**What this task involves**
Your output should be the lines below from the one with "RICHMOND pojemnik na" through the one with "Выкладываем порезанные кружочками", copied exactly, pictures excluded.
── Records to use ──
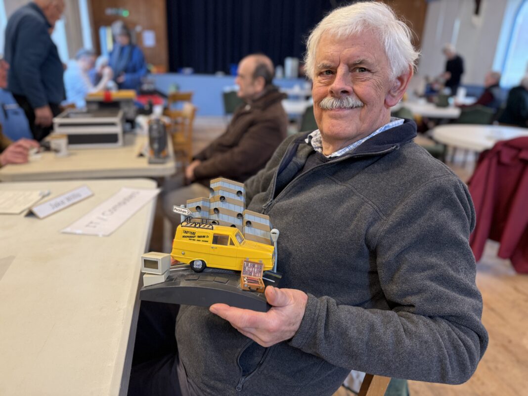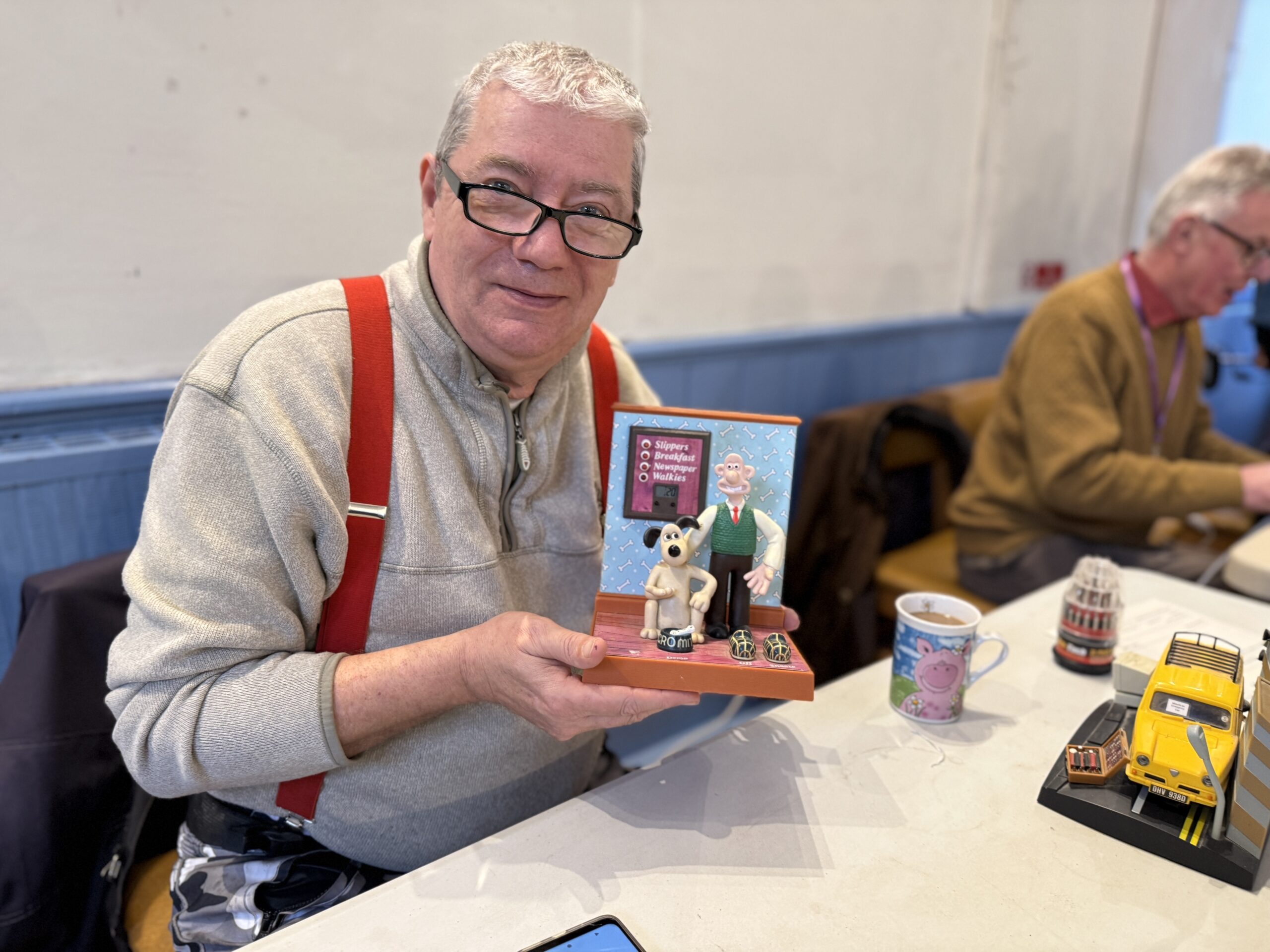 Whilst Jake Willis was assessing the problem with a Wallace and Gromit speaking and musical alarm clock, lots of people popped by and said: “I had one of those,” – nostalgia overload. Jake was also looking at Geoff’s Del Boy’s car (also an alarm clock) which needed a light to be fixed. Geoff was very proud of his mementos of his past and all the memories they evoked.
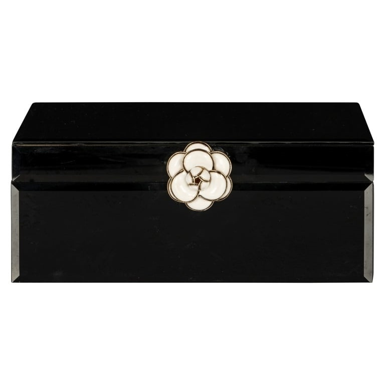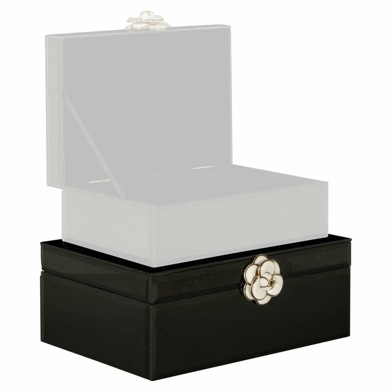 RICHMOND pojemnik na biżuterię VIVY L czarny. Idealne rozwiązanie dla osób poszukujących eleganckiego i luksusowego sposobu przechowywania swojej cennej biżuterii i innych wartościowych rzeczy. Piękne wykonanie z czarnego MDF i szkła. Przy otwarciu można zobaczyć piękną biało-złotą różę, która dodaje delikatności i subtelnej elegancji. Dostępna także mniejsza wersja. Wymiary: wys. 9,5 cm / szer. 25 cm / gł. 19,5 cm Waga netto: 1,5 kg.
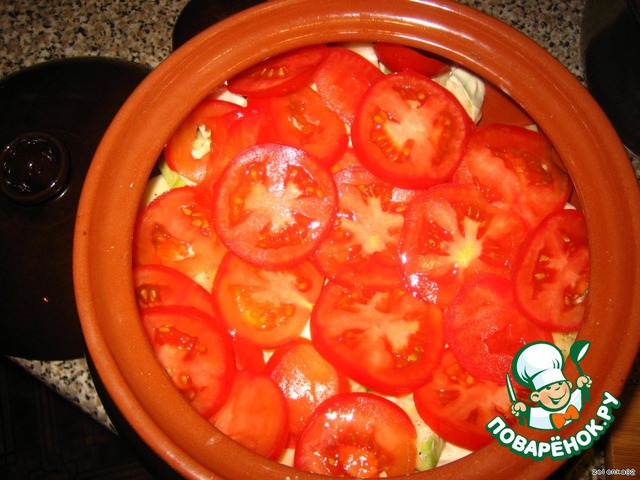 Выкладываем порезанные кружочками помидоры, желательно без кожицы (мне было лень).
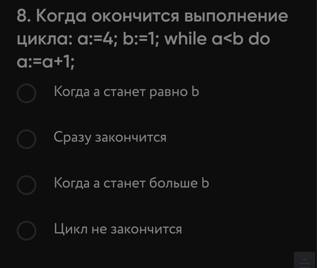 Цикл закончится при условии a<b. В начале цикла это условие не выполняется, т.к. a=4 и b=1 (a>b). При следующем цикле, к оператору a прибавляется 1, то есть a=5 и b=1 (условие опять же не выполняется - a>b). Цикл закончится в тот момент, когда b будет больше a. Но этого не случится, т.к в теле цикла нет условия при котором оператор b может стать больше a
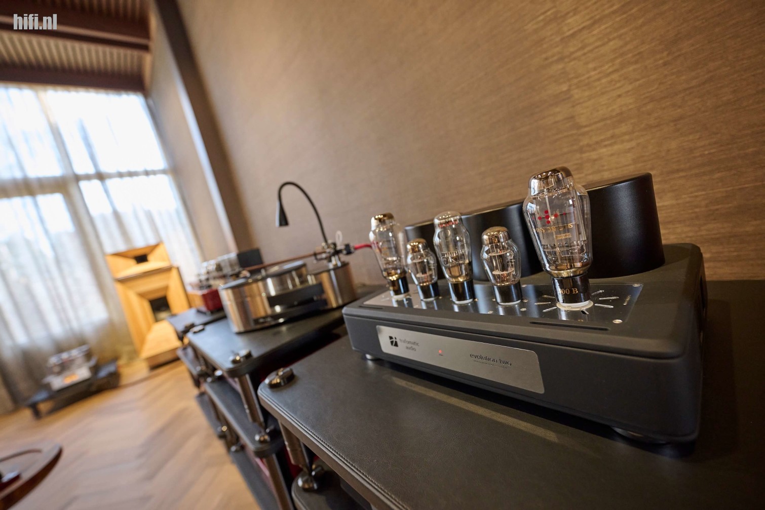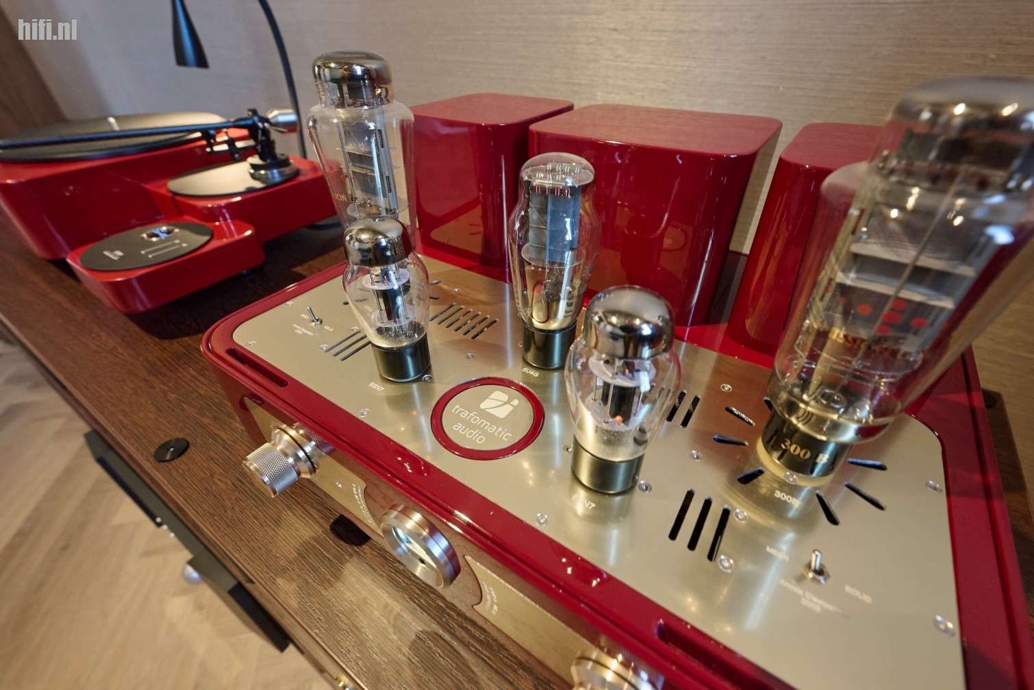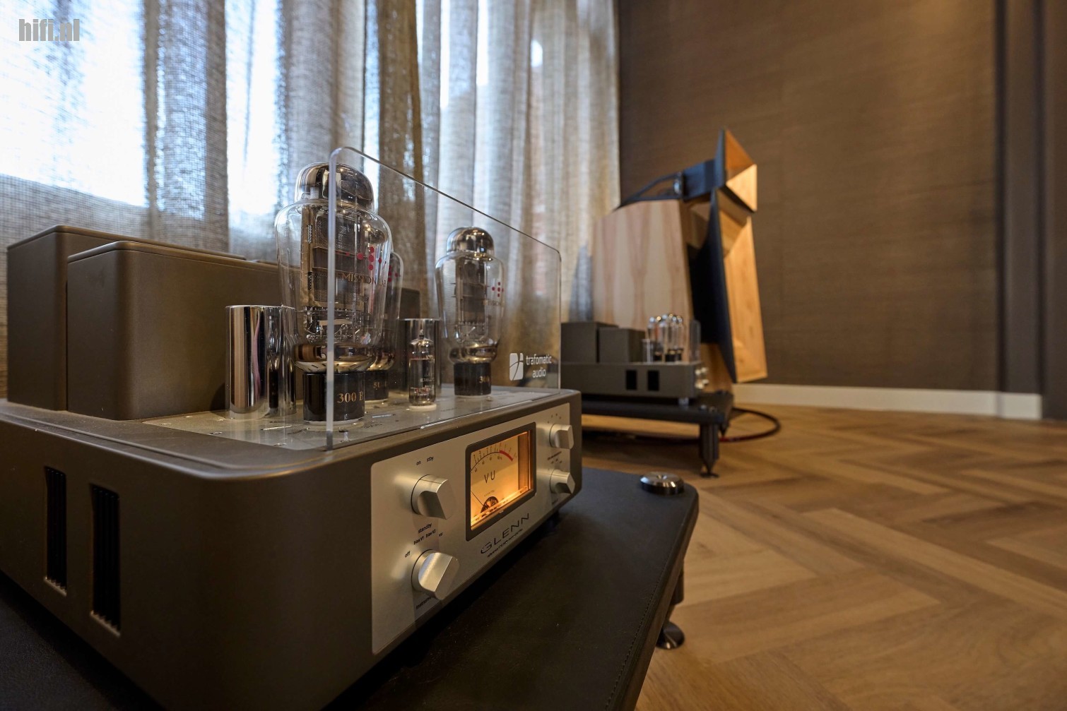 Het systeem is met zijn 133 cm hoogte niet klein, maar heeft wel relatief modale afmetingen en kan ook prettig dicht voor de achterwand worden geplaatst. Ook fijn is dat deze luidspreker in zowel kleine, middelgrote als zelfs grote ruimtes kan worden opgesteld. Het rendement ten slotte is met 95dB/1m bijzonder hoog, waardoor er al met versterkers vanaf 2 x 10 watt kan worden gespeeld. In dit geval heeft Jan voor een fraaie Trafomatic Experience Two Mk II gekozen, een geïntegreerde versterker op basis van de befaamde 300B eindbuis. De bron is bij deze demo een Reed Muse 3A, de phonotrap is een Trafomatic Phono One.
───
**Output for this task**
 RICHMOND pojemnik na biżuterię VIVY L czarny. Idealne rozwiązanie dla osób poszukujących eleganckiego i luksusowego sposobu przechowywania swojej cennej biżuterii i innych wartościowych rzeczy. Piękne wykonanie z czarnego MDF i szkła. Przy otwarciu można zobaczyć piękną biało-złotą różę, która dodaje delikatności i subtelnej elegancji. Dostępna także mniejsza wersja. Wymiary: wys. 9,5 cm / szer. 25 cm / gł. 19,5 cm Waga netto: 1,5 kg.
 Выкладываем порезанные кружочками помидоры, желательно без кожицы (мне было лень).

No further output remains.